关 键 词:关联规则  高尿酸  数据挖掘  患病率  
收稿时间:2020-03-24

Data mining and association rule mining of risk factors for hyperuricemia
Rurong Sun,Ting Xu,Wen Xie,Yingchun Ma,Peirong Zhang,Shaobo Yu,Zheng Xu,Lu Zhang,Shiliang Zhou,Wanlan Jiang,Junyan Tan,Min Wu. Data mining and association rule mining of risk factors for hyperuricemia[J]. Chinese Journal of Clinicians(Electronic Version), 2020, 14(10): 835-839. DOI: 10.3877/cma.j.issn.1674-0785.2020.10.017
Authors:Rurong Sun  Ting Xu  Wen Xie  Yingchun Ma  Peirong Zhang  Shaobo Yu  Zheng Xu  Lu Zhang  Shiliang Zhou  Wanlan Jiang  Junyan Tan  Min Wu
Affiliation:1. Department of Immunology and Rheumatology, the Third Affiliated Hospital of Soochow University, Changzhou 213000, China
2. College of Internet of Things Engineering, Hohai University, Changzhou 213000, China
Abstract:
ObjectiveTo analyze the association and correlation strength of risk factors for hyperuricemia using data mining and association rule mining.

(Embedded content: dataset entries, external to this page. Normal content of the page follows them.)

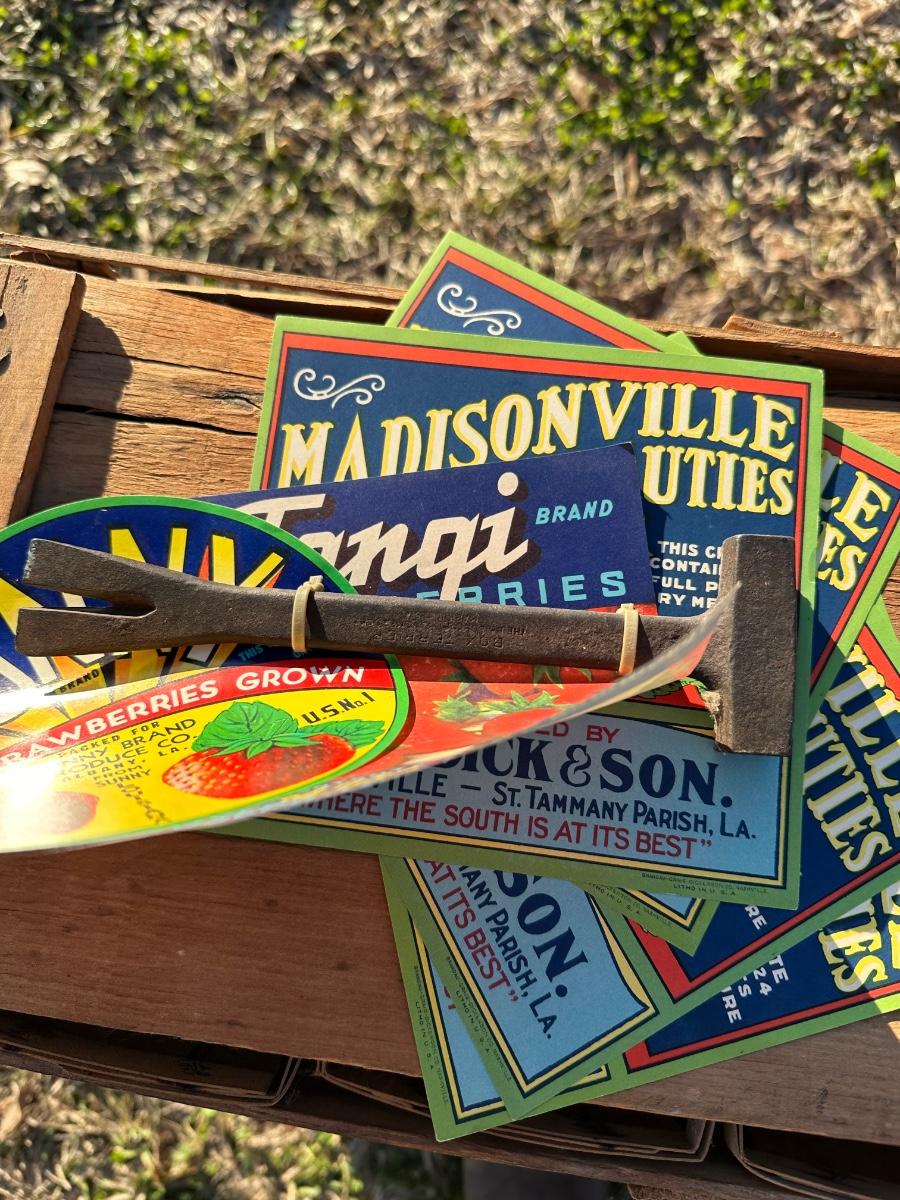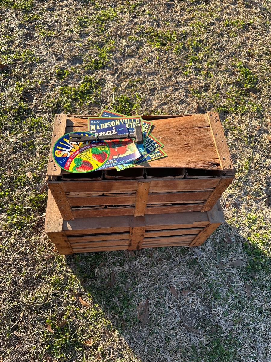 Original Louisiana Strawberry Crates w/ Labels & Crate Tool – Madisonville / Albany LA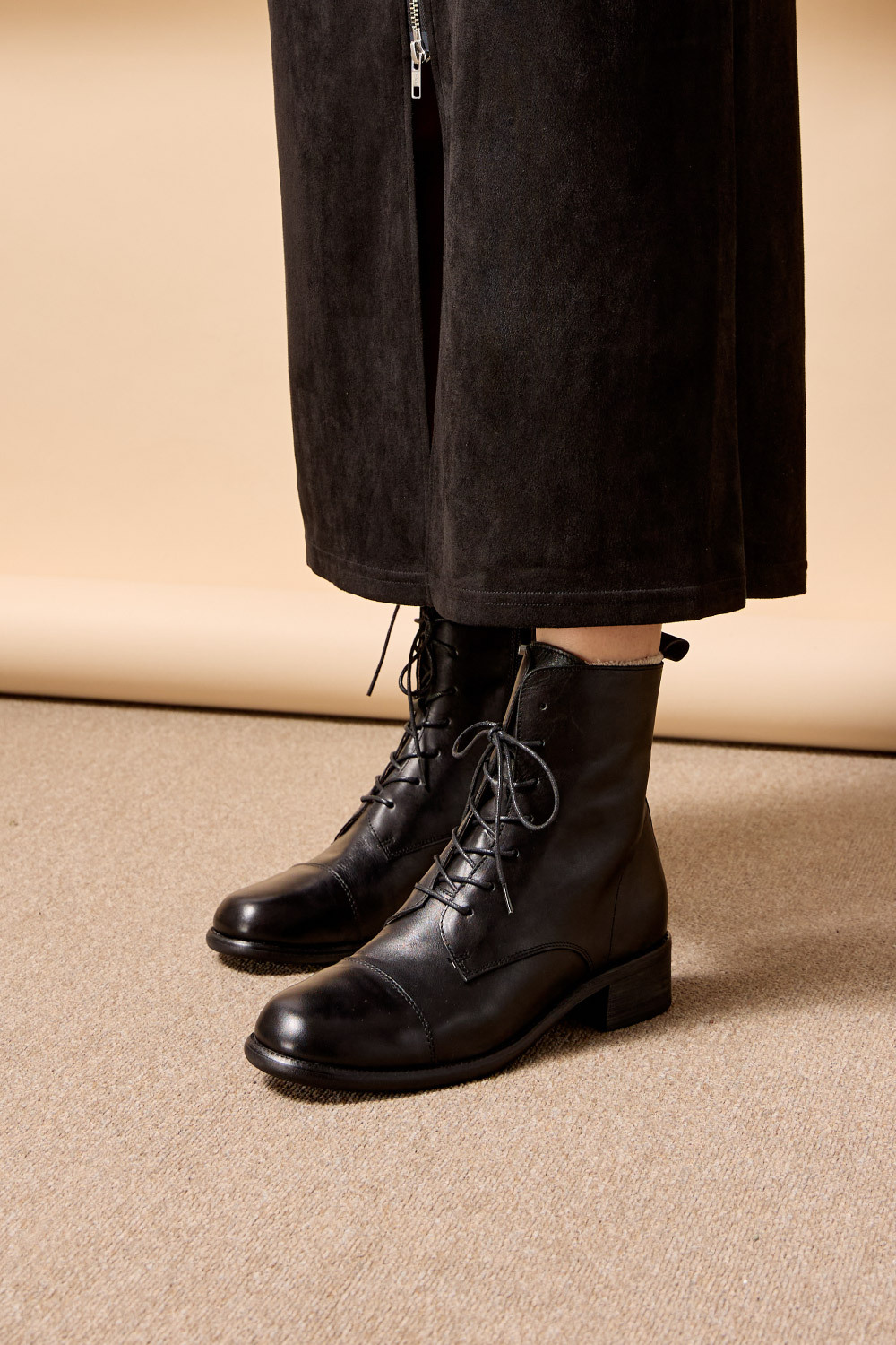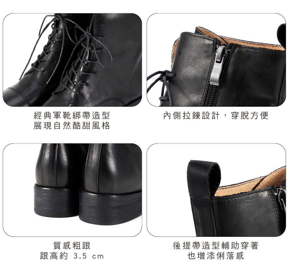 │經典軍靴綁帶造型,展現自然酷甜風格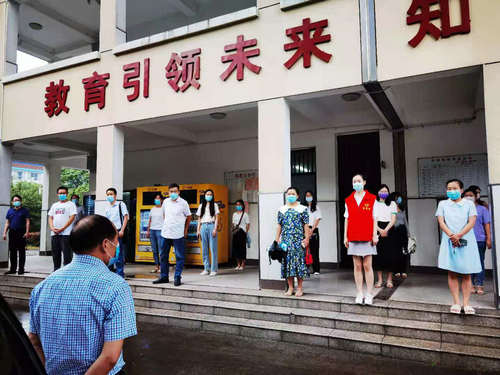 教职员工自觉佩戴好口罩,间隔1米,从不同道口进入校园,门卫保安负责交通指挥。值日老师做好防护措施,用额温枪逐一测量师生员工体温,确定符合要求方可入校。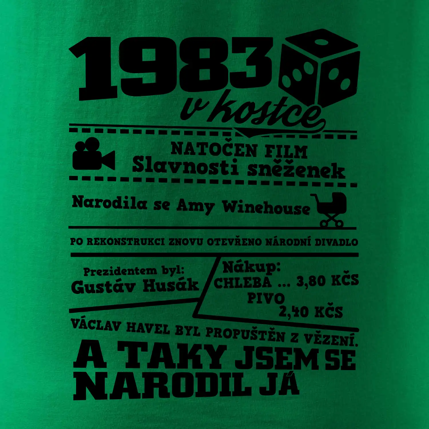 Narozeninové tričko pro ročník 1983. Sháníš originální dárek? Triko pro ročník 1983 v kostce je ten nejlepší dárek, kterým jistě potěšíš. Kolik co stálo? Kdo byl prezident? Kdo se narodil? Všechno tohle a ještě mnohem víc najdeš na našem oslaveneckém triku!

MethodsThe clinical data of 3724 patients and community residents were taken as the data set. The Apriori algorithm of IBM SPSS Statistic19.0 was used to analyze the data set. ResultsApproximately 13.32% of the patients had hyperuricemia. Abnormal triglycerides, creatinine, urea nitrogen, and total bilirubin occurred in 25.76%, 7.90%, 13.91%, and 13.56% of the patients, respectively. The prevalence of hyperuricemia in patients with abnormal triglycerides, creatinine, urea nitrogen, and total bilirubin was 20.24%, 43.70%, 22.28%, and 20.72%, respectively. Association rule analysis showed that hypertension (χ2=34.009, P<0.001), diabetes (χ2=9.075, P=0.003), triglycerides (χ2=20.388, P<0.001), total bilirubin (χ2=57.032, P<0.001), ALT (χ2=6.156, P=0.017), creatinine (χ2=102.707, P<0.001), and urea nitrogen (χ2=72.818, P<0.001) were significantly different, although there were no significant differences in blood glucose (χ2=0.369, P=0.584), total cholesterol (χ2=1.081, P=0.326), and AST (χ2=3.656, P=0.074). ConclusionHypertension, Cr, TG, BUN, and total bilirubin are risk factors for hyperuricemia. Hyperuricemia is closely related to hypertension and is an independent risk factor and predictive factor for hypertension.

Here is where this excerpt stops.